» WHAT THIS TASK INVOLVES
Return verbatim the lines that run from the one holding "产品重量:净重1.8kg / 毛重2.2kg" to the end of the listing, both ends included, without the pictures.

PROVIDED MATERIAL Start Marker

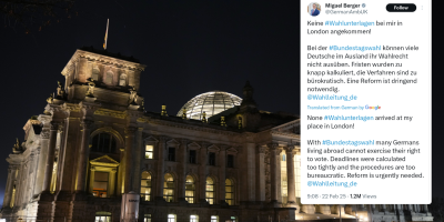 - Kod mene u Londonu nisu stigli izborni materijali. Mnogi Nemci koji žive u inostranstvu neće moći da ostvare svoje biračko pravo i glasaju na izborima za Bundestag. Rokovi su pretesni, a procedure birokratske. Reforme su hitno potrebne - naveo je ambasador uoči održavanja parlamentarnih izbora u Nemačkoj.
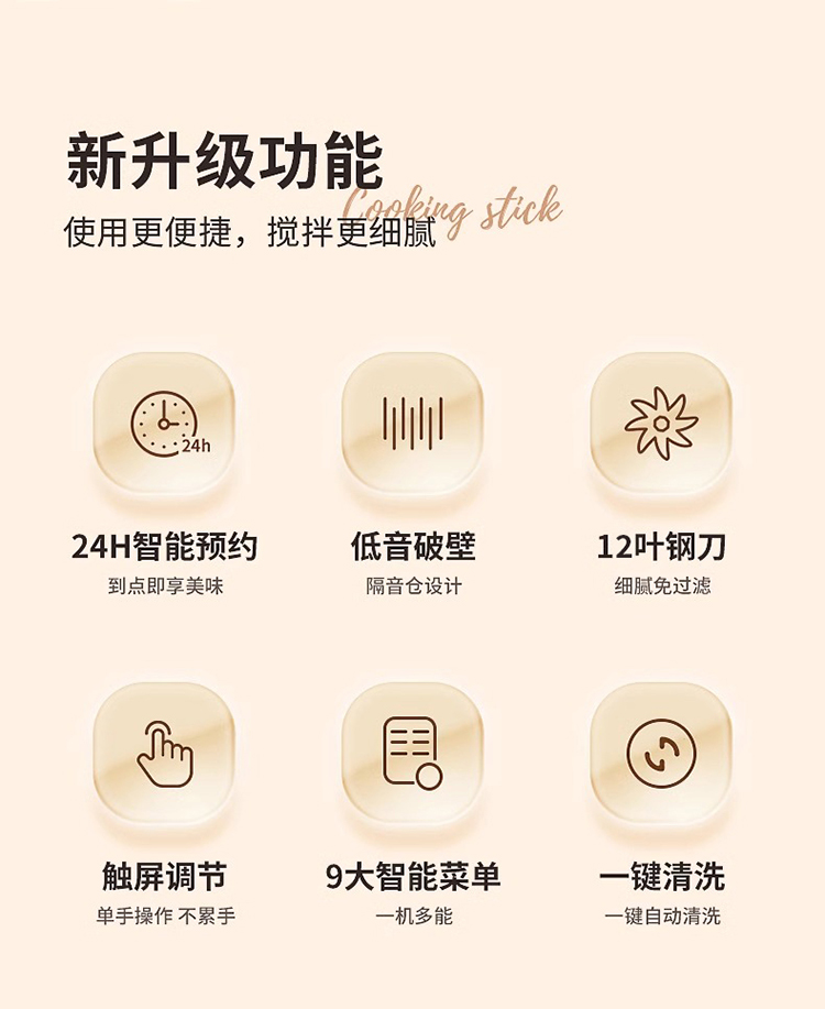 产品重量:净重1.8kg / 毛重2.2kg 产品容量:热饮1000ml;冷饮1200ml 包装尺寸:240*240*347mm 产品尺寸:215x168x307mm 颜色:白色 额定功率:加热800W / 搅拌200W 产品卖点:1、升级12叶刀头 多角度切割,粉碎食材,无需过滤,搅打更细腻 2、轻音破壁,配置隔音罩 轻音搅拌,破壁不扰人 3、高硼硅玻璃内胆 高硼硅玻璃杯体,骤冷骤热不易破裂,使用更安全 4、预约保温 24小时预约,早八上班不匆忙,热饮自动保温4小时 5、内置感温探头 控温,熬煮不糊底, 6、 冷热双破壁 9大功能菜单,冷饮/热饮皆可,一机多用
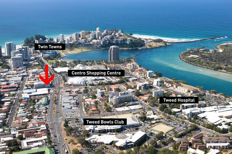 This striking landmark and Commercial Complex is located in the Tweed Heads CBD, gracing the corners of Wharf and Francis Streets.
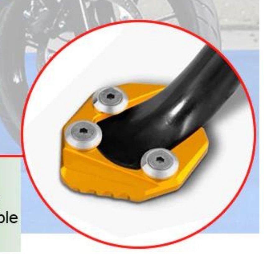 GSX-R125とS125用のサイドスタンドエクステンションプレートです。材質:アルミ純正スタンドより接地面がワイドになるため、柔らかい地面にもスタンドを立てやすくなります。

PROVIDED MATERIAL End Marker

» THE ANSWER
 产品重量:净重1.8kg / 毛重2.2kg 产品容量:热饮1000ml;冷饮1200ml 包装尺寸:240*240*347mm 产品尺寸:215x168x307mm 颜色:白色 额定功率:加热800W / 搅拌200W 产品卖点:1、升级12叶刀头 多角度切割,粉碎食材,无需过滤,搅打更细腻 2、轻音破壁,配置隔音罩 轻音搅拌,破壁不扰人 3、高硼硅玻璃内胆 高硼硅玻璃杯体,骤冷骤热不易破裂,使用更安全 4、预约保温 24小时预约,早八上班不匆忙,热饮自动保温4小时 5、内置感温探头 控温,熬煮不糊底, 6、 冷热双破壁 9大功能菜单,冷饮/热饮皆可,一机多用
 This striking landmark and Commercial Complex is located in the Tweed Heads CBD, gracing the corners of Wharf and Francis Streets.
 GSX-R125とS125用のサイドスタンドエクステンションプレートです。材質:アルミ純正スタンドより接地面がワイドになるため、柔らかい地面にもスタンドを立てやすくなります。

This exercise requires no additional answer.